╭──

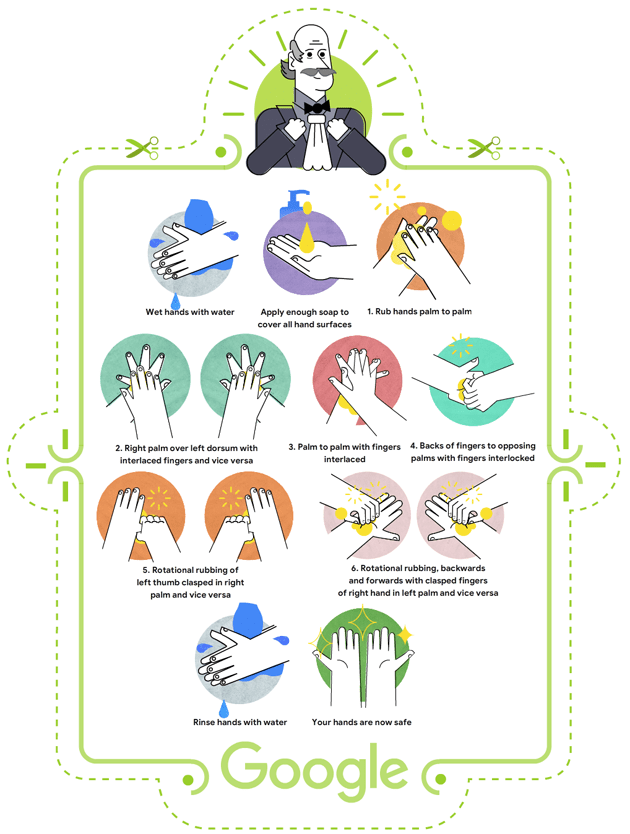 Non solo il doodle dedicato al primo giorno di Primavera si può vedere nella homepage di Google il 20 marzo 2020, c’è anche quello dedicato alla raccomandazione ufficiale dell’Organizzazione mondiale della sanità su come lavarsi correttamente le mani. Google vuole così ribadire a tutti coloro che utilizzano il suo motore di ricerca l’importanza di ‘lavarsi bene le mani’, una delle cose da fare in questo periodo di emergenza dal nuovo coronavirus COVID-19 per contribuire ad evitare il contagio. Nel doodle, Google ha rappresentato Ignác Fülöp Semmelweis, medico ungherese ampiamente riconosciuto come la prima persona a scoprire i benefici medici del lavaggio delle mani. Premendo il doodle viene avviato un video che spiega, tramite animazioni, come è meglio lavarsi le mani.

╰──
╭──

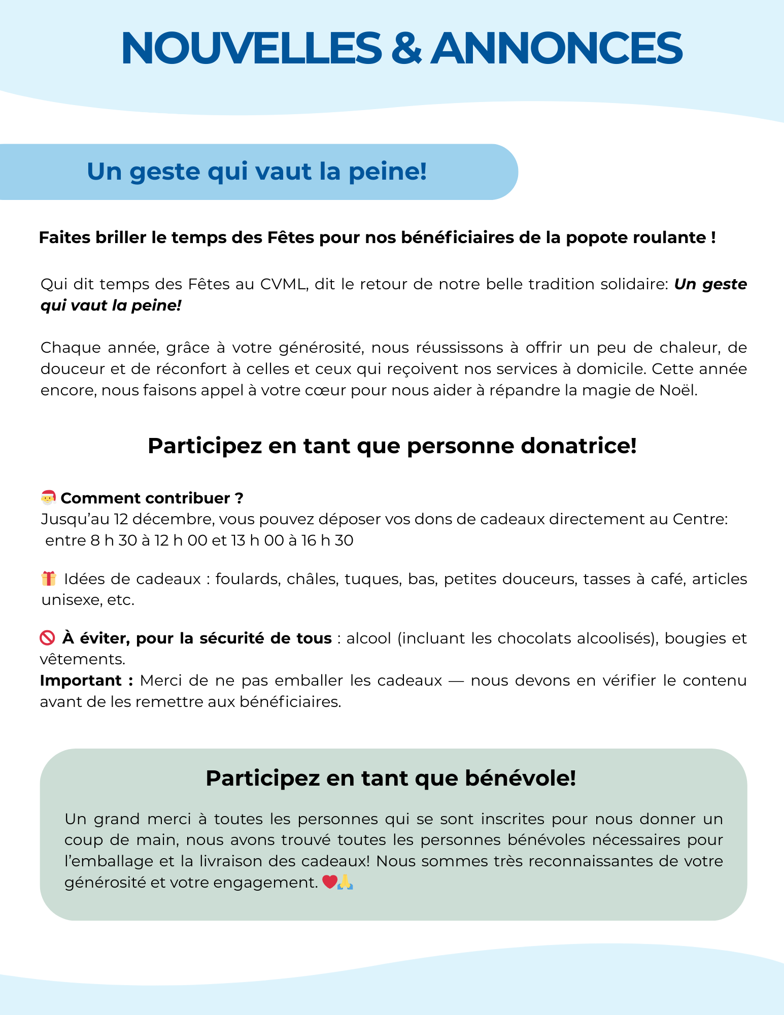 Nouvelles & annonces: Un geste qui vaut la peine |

╰──
╭──

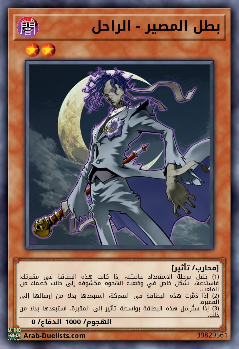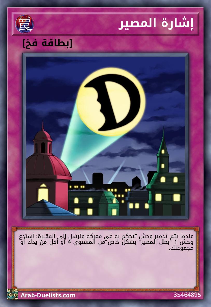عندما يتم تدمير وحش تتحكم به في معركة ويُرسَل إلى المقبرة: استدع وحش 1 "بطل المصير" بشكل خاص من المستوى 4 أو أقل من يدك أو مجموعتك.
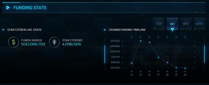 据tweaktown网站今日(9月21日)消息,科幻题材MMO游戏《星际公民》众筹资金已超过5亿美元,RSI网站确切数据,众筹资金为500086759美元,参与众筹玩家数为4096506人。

╰──

▶ **To do**: Transcribe only this stretch of the data: the line with "عندما يتم تدمير", the line with "据tweaktown网站今日", and every line in between. Leave out the pictures.

▶ **Output of the exercise**:
عندما يتم تدمير وحش تتحكم به في معركة ويُرسَل إلى المقبرة: استدع وحش 1 "بطل المصير" بشكل خاص من المستوى 4 أو أقل من يدك أو مجموعتك.
 据tweaktown网站今日(9月21日)消息,科幻题材MMO游戏《星际公民》众筹资金已超过5亿美元,RSI网站确切数据,众筹资金为500086759美元,参与众筹玩家数为4096506人。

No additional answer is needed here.